The origin of DCs and capacity for immunologic tolerance in central and peripheral tissues

Abstract

Dendritic cells (DCs) are specialized immune sentinels that play key role in maintaining immune homeostasis by efficiently regulating the delicate balance between protective immunity and tolerance to self. Although DCs respond to maturation signals present in the surrounding milieu, multiple layers of suppression also co-exist that reduce the infringement of tolerance against self-antigens. These tolerance inducing properties of DCs are governed by their origin and a range of other factors including distribution, cytokines, growth factors, and transcriptional programing, that collectively impart suppressive functions to these cells. DCs directing tolerance secrete anti-inflammatory cytokines and induce naïve T cells or B cells to differentiate into regulatory T cells (Tregs) or B cells. In this review, we provide a detailed outlook on the molecular mechanisms that induce functional specialization to govern central or peripheral tolerance. The tolerance-inducing nature of DCs can be exploited to overcome autoimmunity and rejection in graft transplantation.

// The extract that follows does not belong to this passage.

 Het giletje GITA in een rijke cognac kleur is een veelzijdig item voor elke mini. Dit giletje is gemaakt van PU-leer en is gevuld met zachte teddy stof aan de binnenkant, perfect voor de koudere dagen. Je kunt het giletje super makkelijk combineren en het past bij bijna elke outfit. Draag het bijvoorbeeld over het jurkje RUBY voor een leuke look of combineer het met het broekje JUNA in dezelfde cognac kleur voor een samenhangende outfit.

Keywords: Tolerogenic DCs; cytokines; growth factors; immune homeostasis; regulatory T cells; transcription factors.

Fig. 1

IRF2, IRF-4 and IRF-8 play major roles in maintaining different DC subsets

Fig. 2. Dendritic cells (DCs) as targeted vaccines in organ transplantation and in cancer immunotherapy

Differentiation of tolerogenic DCs from naïve DCs using pharmacological mediators, specific growth factors and cytokines may lead to anergy or deletion of alloreactive T cells while Tregs (regulatory T cells) get expanded and allows allograft survival through immune suppression. Conversely for cancer immunotherapy, mature DCs can be formed after exposure to stimulants like microbial products or DC antibodies (with tumor antigens) thereby allowing expansion of CD4⁺ T and CD8⁺ T cells, which then initiate anti-tumoral immunity.